_Work to be completed_
Reproduce only the lines of the material below that start at the line containing "Figure 2. Lateral Position CPR" and stop at the line containing "The steps of". Keep both end lines.

_Data to examine_
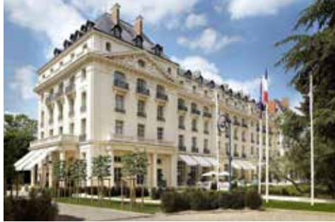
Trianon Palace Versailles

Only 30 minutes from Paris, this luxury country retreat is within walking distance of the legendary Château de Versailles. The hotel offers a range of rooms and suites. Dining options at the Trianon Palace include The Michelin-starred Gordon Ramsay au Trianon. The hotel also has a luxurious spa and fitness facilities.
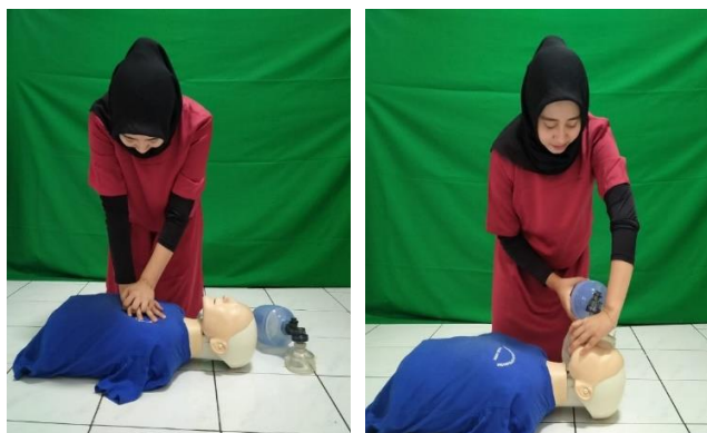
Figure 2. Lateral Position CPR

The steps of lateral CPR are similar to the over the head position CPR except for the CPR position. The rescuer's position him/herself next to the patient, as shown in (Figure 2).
==
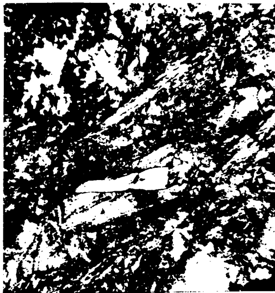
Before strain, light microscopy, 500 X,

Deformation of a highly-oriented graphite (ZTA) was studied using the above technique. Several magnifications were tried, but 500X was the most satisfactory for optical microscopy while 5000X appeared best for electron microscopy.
---
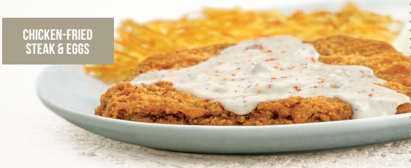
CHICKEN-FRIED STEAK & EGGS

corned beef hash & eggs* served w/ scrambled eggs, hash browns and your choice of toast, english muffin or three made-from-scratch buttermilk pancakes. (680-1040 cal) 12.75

_Response to this exercise_
Figure 2. Lateral Position CPR

The steps of lateral CPR are similar to the over the head position CPR except for the CPR position. The rescuer's position him/herself next to the patient, as shown in (Figure 2).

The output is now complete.